Enchytraeids(potworms) sure sign that the Ph is too low.
View attachment 4695016
thanks. i didn't see those pot worms. I thought I was adding pretty good stuff. I added egg shells that I grilled in dry pan and crushed and ground. i added greensand sometimes. tried shredded paper on top and sometimes carboard to cover. do you mean shredded cardboard? i added lots of nice veggie scraps, strawberries, beet shreds from juicer. no onion no garlic no citris. idk why but they just weren't happy. maybe it was too much soil but i don't get that. worms live in soil. many instructions say just start with mostly paper but i didn't do that. i put a light above to scare them down but it didn't work. maybe i'll try clear bins? no drain holes so they can't crawl out? put them in a cooler place that gets down to 50 in winter? but i don't want to attract mice that maybe would eat worms.
 

Deadhead13

Well-Known Member
I got my 2nd bin made but didn’t find a single worm in the wild.

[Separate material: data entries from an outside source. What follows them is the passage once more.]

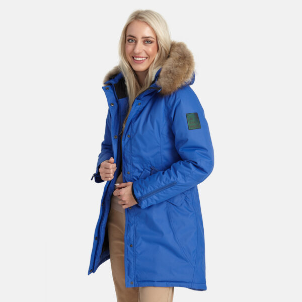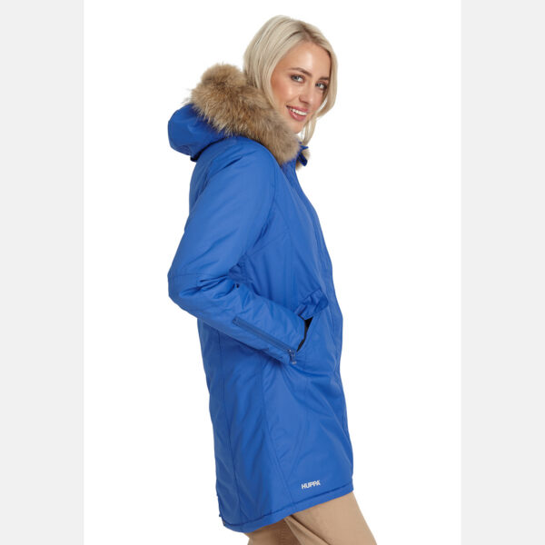Women’s waterproof and windproof winter parka. Breathable fabric. Soft fabric on the inside. Faux sheepskin lining at the top of the back and inside the hood. Adjustable hood. Ribbed cuffs at sleeve ends. Lapped two-way zipper at front. Magnetic fastening on flap pockets. Drawstring tunnel with stoppers on waist for adjusting the waist from the inside. Waterproof taped seams. Removable natural fur trim on hood. Reflective elements on fabric.
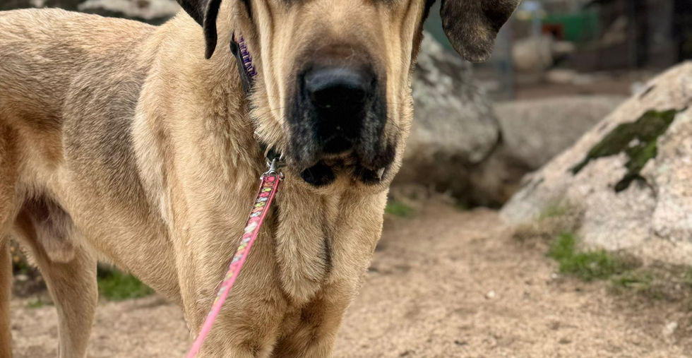 Maak kennis met Neron, een imposante mastin van buiten, maar een supergrote baby vanbinnen. Hij is gezond, vrolijk en vooral ongelooflijk aanhankelijk. Neron kwam onlangs bij ons in het asiel terecht en heeft hier meteen zijn hart verloren aan Sharon, zijn beste vriendin. Hij respecteert haar volledig, beschermt haar graag en kruipt gezellig tegen haar aan wanneer ze slaapt – een prachtig duo om te zien.
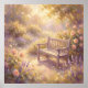 This impressionist-style painting captures a quiet garden path, where a wooden bench rests among blooming wildflowers and greenery.

I’ve got the bedding in and will buy some wigglers next week from the local bait shop.
 

GreenestBasterd

Well-Known Member
I use a small 3 bin method and two tower style worm farms that are done over a year.

Mainly fed yard clippings, kitchen scraps, chicken manure and anything else they’d eat and about every 2 weeks a handful of kelp, neem, barley and rock dusts.( occasionally some manure if I see it for sale on the side of the road). I also add the slurry from the compost tea brewer bag.

Each summer I have a good 3/4 to a full bin of it use and two full trays from the towers.

I don’t produce huge amounts but the quality is way better than anything I have managed to buy.